7 through Cape Town!
With Ian yesterday, there are now 7 skippers through the Cape Town gate! Puffin was in brilliant form, and his skipper was as positive and determined as ever. Ian still has over 2 months to cover the 5400 miles to Hobart, which seems more than enough time. In the Atlantic, Guy and Arnaud are on opposite tacks this morning, but not in the right direction!
In False Bay, Elliott has spent the day implementing his plan to repair and reinforce his bowsprit. He is due to call today and share a detailed report on his repairs. Up front, Jeremy is gliding downwind on his now clean Olleanna, Capt Gugg at 43°S and a day away from the exclusion zone resting between two lows.
In the leading trio, Abhilash and Kirsten have taken advantage of the windy conditions to regain some 50 miles on Simon and are crossing within AIS and VHF range this morning, no doubt they have some stories to share! At the crossing, Abhilash is now ahead of Kirsten this morning. 720 miles to the east, Simon has taken advantage of the calm to rest and will pick up the wind later today.
Update: Elliott is on his way with bowsprit repaired!
Thanks Rian Leisegang and Simon McDonnell for all your help!

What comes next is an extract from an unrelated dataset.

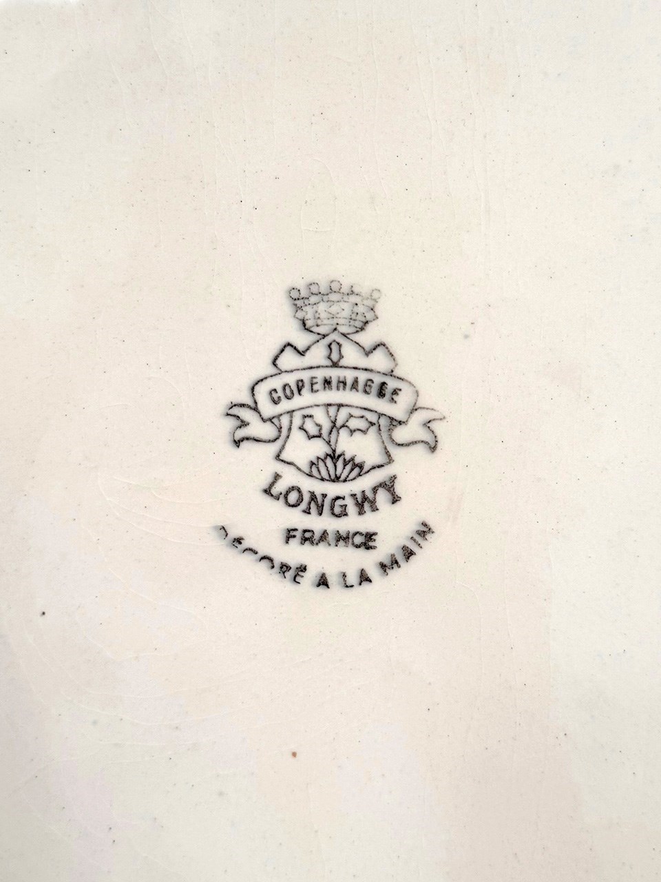 Stamped on the reverse "Longwy, France" a pottery town which is almost on the French/Luxembourg border. The series is "Copenhague" and is made from ceramic. The set dates around the 1940's.

Late this afternoon Elliott completed his bowsprit repairs on Second Wind following three days of hard work. The front of the bowsprit folded up, cracking the stainless tube weakening the security of the forestay. With some technical advice from a local rigger and great moral support from the False Bay Yacht Club members plus staff from the Simons Town Marina, he was able to fabricate new components and build an effective compression strut over three days. He also doubled up on the bobstay with a 10mm chain and ran the same chain around the stainless tube to create some extra side support.
GGR control was able to monitor and assess progress thanks to photos and video supplied by Simon McDonnell right up to sea trials. While not perfect, the opinion is, that managed correctly by the skipper, the bowsprit is not unsafe. The inner forestay supports the mast well and combined with running backstays secures the mast without consideration of the forestay when sailing with the staysail and reefed main. The furling genoa is being swapped for a smaller jib and the entire Southern Ocean legs can be sailed under staysail alone.
In 1968, Bernard Moitessier damaged his bowsprit and spent a few days in the same area effecting repairs before continuing on. Elliott made no landing and received no physical support, so remains in the GGR rankings. He is now on his way to Hobart.